● EXERCISE DETAILS: Once "- Study in your" turns up in a line below, reproduce that line and those after it exactly, stopping after the line with "1年生は、教室で国語、中庭で図工科の活動に取り組んでいました。"; leave pictures out.

● SOURCE DATA:
# # #
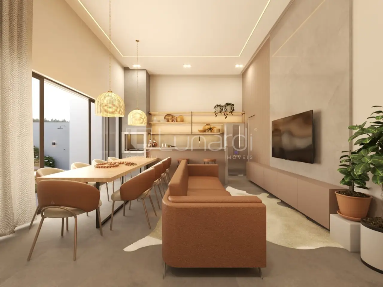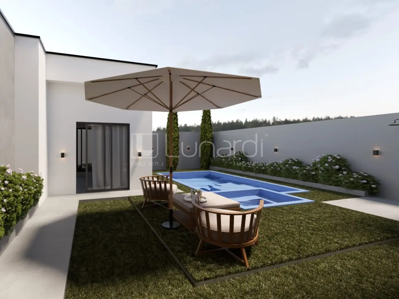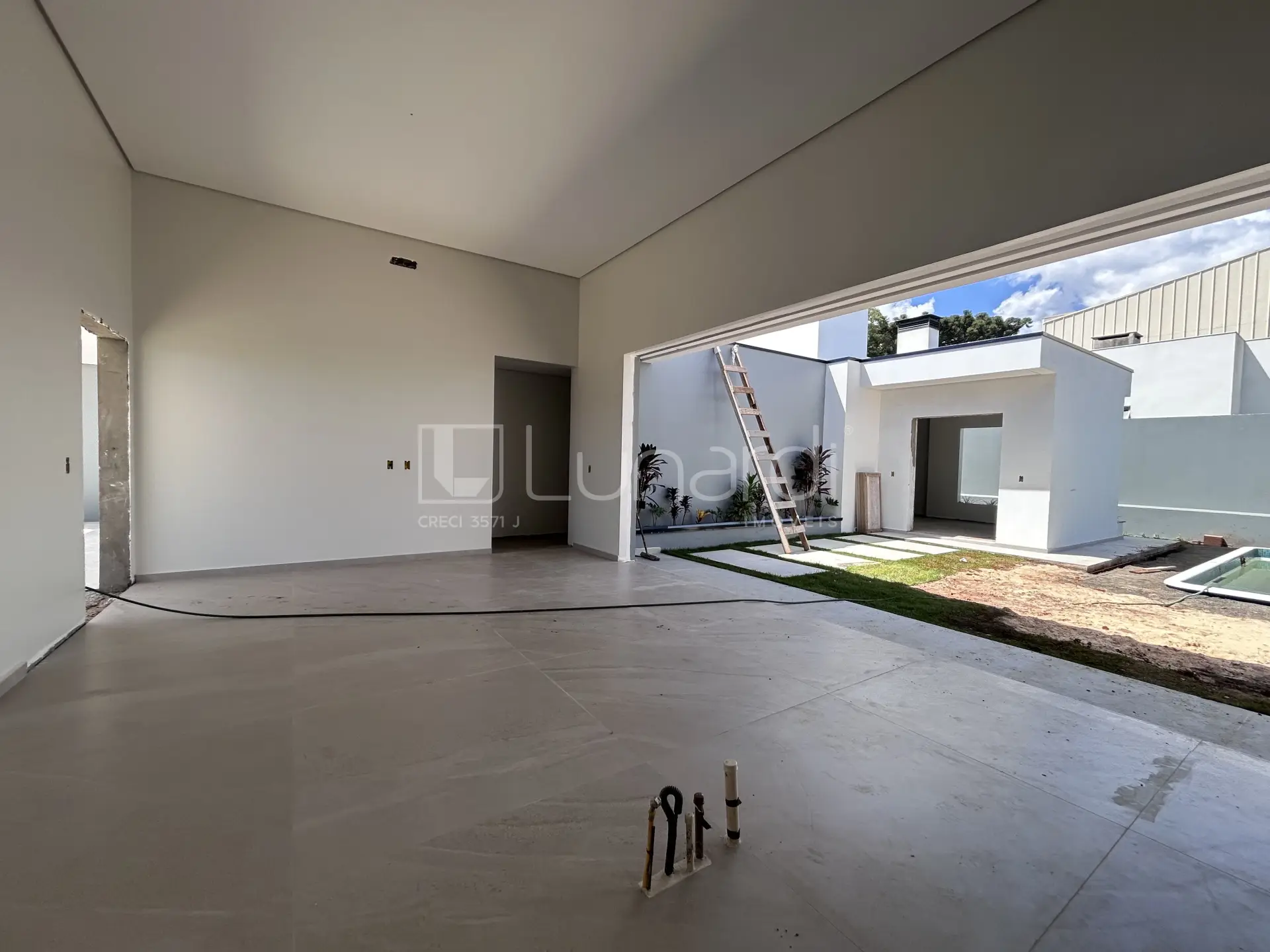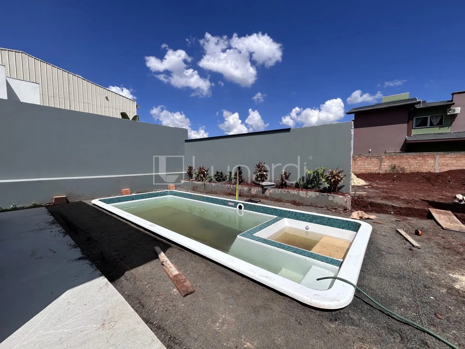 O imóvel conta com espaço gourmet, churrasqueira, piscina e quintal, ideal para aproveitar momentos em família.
# # #
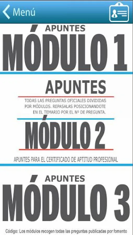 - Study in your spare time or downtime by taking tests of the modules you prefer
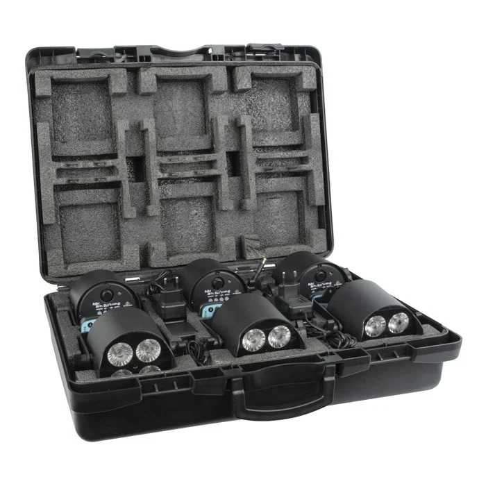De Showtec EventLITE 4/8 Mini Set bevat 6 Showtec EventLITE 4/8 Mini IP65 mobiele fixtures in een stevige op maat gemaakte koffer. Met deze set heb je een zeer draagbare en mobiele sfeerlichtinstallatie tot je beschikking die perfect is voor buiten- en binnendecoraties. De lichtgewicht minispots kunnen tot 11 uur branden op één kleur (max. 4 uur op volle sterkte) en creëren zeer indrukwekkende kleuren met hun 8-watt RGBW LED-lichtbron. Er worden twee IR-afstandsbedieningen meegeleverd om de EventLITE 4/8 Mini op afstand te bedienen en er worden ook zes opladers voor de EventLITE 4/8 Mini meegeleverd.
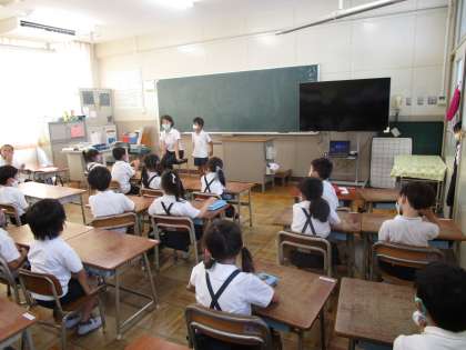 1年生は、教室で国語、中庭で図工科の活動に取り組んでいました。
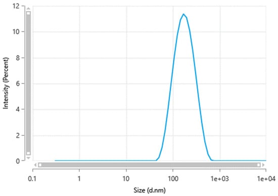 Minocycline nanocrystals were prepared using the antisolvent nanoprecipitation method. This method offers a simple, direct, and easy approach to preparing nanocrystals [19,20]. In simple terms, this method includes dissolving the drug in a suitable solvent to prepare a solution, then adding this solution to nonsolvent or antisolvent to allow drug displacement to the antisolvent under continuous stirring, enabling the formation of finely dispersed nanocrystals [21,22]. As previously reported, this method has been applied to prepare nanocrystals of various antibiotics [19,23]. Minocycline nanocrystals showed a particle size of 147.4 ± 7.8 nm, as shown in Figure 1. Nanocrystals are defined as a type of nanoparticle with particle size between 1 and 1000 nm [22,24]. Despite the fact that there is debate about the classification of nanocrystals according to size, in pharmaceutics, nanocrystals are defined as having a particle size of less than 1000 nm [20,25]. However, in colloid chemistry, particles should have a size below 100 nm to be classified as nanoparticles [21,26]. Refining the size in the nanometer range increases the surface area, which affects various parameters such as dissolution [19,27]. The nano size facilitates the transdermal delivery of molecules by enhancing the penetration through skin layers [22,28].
# # #
● RESULT:
 - Study in your spare time or downtime by taking tests of the modules you prefer
De Showtec EventLITE 4/8 Mini Set bevat 6 Showtec EventLITE 4/8 Mini IP65 mobiele fixtures in een stevige op maat gemaakte koffer. Met deze set heb je een zeer draagbare en mobiele sfeerlichtinstallatie tot je beschikking die perfect is voor buiten- en binnendecoraties. De lichtgewicht minispots kunnen tot 11 uur branden op één kleur (max. 4 uur op volle sterkte) en creëren zeer indrukwekkende kleuren met hun 8-watt RGBW LED-lichtbron. Er worden twee IR-afstandsbedieningen meegeleverd om de EventLITE 4/8 Mini op afstand te bedienen en er worden ook zes opladers voor de EventLITE 4/8 Mini meegeleverd.
 1年生は、教室で国語、中庭で図工科の活動に取り組んでいました。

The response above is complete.